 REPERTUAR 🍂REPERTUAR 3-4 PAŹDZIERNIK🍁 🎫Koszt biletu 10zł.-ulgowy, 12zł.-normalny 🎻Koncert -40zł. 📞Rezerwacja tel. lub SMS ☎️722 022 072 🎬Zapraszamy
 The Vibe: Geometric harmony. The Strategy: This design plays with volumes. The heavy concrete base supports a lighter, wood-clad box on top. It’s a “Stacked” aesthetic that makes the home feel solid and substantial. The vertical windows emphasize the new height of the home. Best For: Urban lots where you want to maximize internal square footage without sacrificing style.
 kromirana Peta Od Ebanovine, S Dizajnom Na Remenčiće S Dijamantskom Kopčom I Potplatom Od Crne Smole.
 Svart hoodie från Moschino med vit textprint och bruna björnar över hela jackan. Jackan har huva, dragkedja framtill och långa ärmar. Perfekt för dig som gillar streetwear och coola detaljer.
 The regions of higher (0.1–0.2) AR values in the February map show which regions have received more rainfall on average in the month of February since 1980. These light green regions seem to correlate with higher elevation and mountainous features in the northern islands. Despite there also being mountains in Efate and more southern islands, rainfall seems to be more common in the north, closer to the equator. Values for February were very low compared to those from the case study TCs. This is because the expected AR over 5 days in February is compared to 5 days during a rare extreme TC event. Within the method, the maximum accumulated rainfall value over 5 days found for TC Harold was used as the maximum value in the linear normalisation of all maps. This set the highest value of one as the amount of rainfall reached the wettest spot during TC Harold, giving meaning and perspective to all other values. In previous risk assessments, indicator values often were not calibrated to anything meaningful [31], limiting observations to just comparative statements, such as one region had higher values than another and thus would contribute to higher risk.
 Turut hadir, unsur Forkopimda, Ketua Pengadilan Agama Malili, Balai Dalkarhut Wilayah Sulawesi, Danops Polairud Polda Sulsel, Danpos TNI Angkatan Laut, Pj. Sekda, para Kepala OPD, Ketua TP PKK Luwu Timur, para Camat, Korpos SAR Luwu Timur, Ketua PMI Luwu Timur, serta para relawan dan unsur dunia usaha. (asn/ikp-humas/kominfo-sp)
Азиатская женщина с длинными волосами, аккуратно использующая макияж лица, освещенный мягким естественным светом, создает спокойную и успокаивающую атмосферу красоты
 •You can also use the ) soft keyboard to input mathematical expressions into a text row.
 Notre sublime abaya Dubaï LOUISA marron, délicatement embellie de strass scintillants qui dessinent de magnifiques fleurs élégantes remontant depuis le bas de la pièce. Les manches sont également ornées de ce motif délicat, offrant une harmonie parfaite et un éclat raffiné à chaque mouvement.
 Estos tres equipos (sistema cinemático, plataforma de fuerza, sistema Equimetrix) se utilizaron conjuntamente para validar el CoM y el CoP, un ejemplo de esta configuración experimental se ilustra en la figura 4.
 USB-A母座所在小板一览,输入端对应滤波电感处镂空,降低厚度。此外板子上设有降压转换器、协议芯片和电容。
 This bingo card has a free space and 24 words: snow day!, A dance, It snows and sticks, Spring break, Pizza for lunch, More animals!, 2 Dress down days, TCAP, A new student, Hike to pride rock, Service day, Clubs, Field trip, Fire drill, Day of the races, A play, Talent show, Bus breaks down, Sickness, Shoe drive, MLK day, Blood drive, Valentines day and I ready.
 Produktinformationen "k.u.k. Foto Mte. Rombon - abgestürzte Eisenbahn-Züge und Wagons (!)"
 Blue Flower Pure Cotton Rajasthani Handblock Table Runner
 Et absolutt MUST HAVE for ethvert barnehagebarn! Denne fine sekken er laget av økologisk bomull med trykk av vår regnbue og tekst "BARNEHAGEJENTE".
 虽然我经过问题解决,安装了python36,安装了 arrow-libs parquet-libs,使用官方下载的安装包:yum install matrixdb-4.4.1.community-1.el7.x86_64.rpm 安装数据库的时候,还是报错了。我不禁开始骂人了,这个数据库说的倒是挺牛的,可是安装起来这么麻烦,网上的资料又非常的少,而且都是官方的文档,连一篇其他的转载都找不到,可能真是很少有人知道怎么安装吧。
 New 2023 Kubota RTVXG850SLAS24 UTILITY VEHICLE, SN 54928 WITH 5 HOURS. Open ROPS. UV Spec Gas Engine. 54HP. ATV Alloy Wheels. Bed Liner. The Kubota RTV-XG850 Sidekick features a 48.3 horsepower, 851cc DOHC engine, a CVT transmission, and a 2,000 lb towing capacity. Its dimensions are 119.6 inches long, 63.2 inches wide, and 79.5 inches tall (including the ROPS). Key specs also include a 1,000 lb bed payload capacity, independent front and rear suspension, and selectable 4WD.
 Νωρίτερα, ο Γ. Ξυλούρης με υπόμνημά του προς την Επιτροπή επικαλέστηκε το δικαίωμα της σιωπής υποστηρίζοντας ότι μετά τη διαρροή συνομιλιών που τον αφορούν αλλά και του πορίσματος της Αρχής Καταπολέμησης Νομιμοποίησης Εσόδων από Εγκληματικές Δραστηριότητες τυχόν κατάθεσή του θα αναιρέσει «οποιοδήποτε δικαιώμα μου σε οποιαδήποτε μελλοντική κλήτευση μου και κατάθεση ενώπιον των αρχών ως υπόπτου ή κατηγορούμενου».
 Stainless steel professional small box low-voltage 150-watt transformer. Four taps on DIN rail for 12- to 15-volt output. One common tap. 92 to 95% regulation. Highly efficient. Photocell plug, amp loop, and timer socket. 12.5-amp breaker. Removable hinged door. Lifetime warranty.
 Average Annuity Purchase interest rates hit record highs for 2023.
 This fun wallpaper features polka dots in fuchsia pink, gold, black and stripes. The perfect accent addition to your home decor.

» **EXERCISE AIM**: All lines from the one that holds "Et absolutt MUST" to the end of the entries above must be transcribed exactly, both ends included, and no others.

» **SOLUTION**:
 Et absolutt MUST HAVE for ethvert barnehagebarn! Denne fine sekken er laget av økologisk bomull med trykk av vår regnbue og tekst "BARNEHAGEJENTE".
 虽然我经过问题解决,安装了python36,安装了 arrow-libs parquet-libs,使用官方下载的安装包:yum install matrixdb-4.4.1.community-1.el7.x86_64.rpm 安装数据库的时候,还是报错了。我不禁开始骂人了,这个数据库说的倒是挺牛的,可是安装起来这么麻烦,网上的资料又非常的少,而且都是官方的文档,连一篇其他的转载都找不到,可能真是很少有人知道怎么安装吧。
 New 2023 Kubota RTVXG850SLAS24 UTILITY VEHICLE, SN 54928 WITH 5 HOURS. Open ROPS. UV Spec Gas Engine. 54HP. ATV Alloy Wheels. Bed Liner. The Kubota RTV-XG850 Sidekick features a 48.3 horsepower, 851cc DOHC engine, a CVT transmission, and a 2,000 lb towing capacity. Its dimensions are 119.6 inches long, 63.2 inches wide, and 79.5 inches tall (including the ROPS). Key specs also include a 1,000 lb bed payload capacity, independent front and rear suspension, and selectable 4WD.
 Νωρίτερα, ο Γ. Ξυλούρης με υπόμνημά του προς την Επιτροπή επικαλέστηκε το δικαίωμα της σιωπής υποστηρίζοντας ότι μετά τη διαρροή συνομιλιών που τον αφορούν αλλά και του πορίσματος της Αρχής Καταπολέμησης Νομιμοποίησης Εσόδων από Εγκληματικές Δραστηριότητες τυχόν κατάθεσή του θα αναιρέσει «οποιοδήποτε δικαιώμα μου σε οποιαδήποτε μελλοντική κλήτευση μου και κατάθεση ενώπιον των αρχών ως υπόπτου ή κατηγορούμενου».
 Stainless steel professional small box low-voltage 150-watt transformer. Four taps on DIN rail for 12- to 15-volt output. One common tap. 92 to 95% regulation. Highly efficient. Photocell plug, amp loop, and timer socket. 12.5-amp breaker. Removable hinged door. Lifetime warranty.
 Average Annuity Purchase interest rates hit record highs for 2023.
 This fun wallpaper features polka dots in fuchsia pink, gold, black and stripes. The perfect accent addition to your home decor.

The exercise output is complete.